• [WHAT IS EXPECTED]: Nothing but the lines below from the one containing "응답자들 사이에서 AI에" through the one containing "По 3 000 рублей" should appear in the answer, exact and without pictures.

• [GIVEN INFORMATION]:
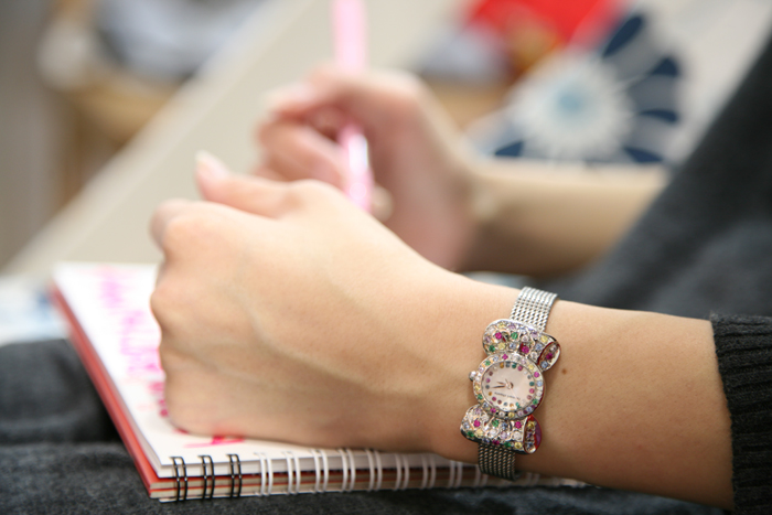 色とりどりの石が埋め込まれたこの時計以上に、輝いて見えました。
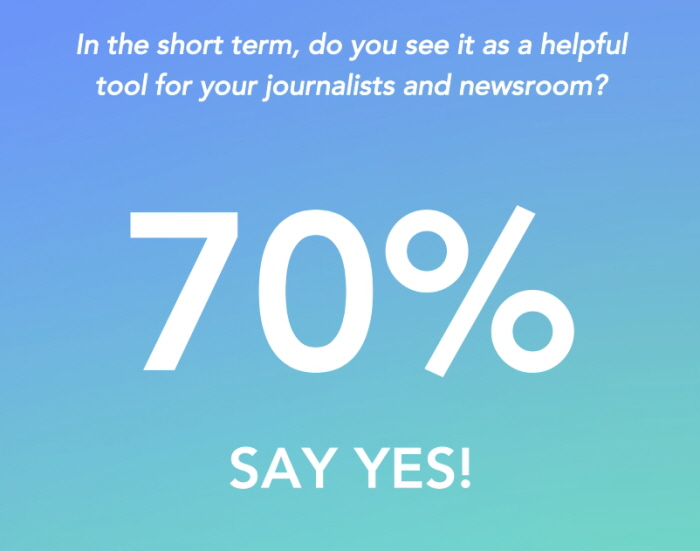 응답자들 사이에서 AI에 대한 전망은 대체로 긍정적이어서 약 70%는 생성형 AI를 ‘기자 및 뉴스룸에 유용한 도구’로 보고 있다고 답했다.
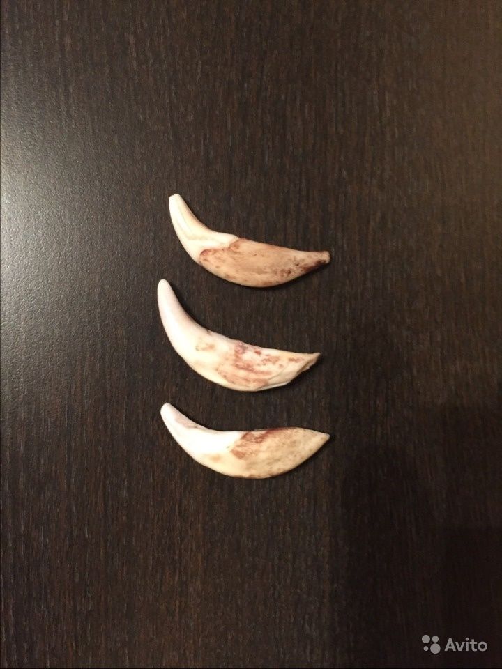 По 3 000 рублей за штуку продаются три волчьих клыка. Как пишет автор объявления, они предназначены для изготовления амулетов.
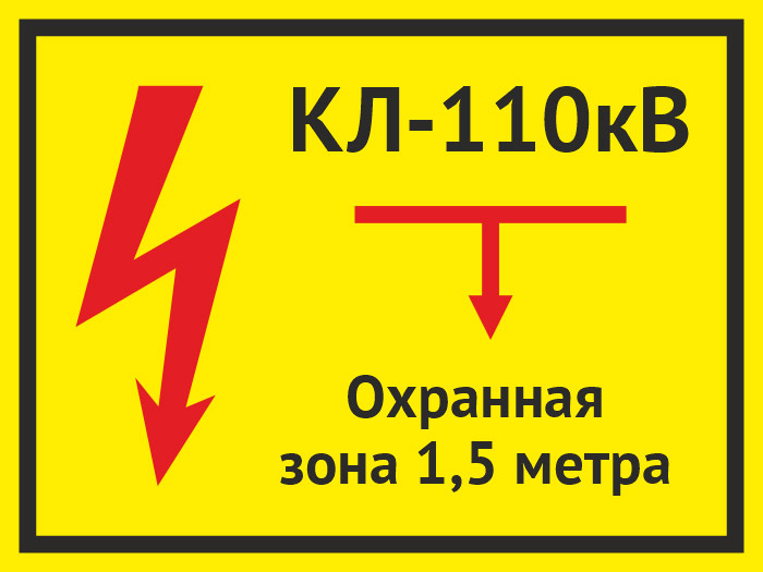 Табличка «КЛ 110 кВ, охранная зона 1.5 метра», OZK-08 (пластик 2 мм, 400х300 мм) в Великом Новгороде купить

• [ANSWER BOX]:
 응답자들 사이에서 AI에 대한 전망은 대체로 긍정적이어서 약 70%는 생성형 AI를 ‘기자 및 뉴스룸에 유용한 도구’로 보고 있다고 답했다.
 По 3 000 рублей за штуку продаются три волчьих клыка. Как пишет автор объявления, они предназначены для изготовления амулетов.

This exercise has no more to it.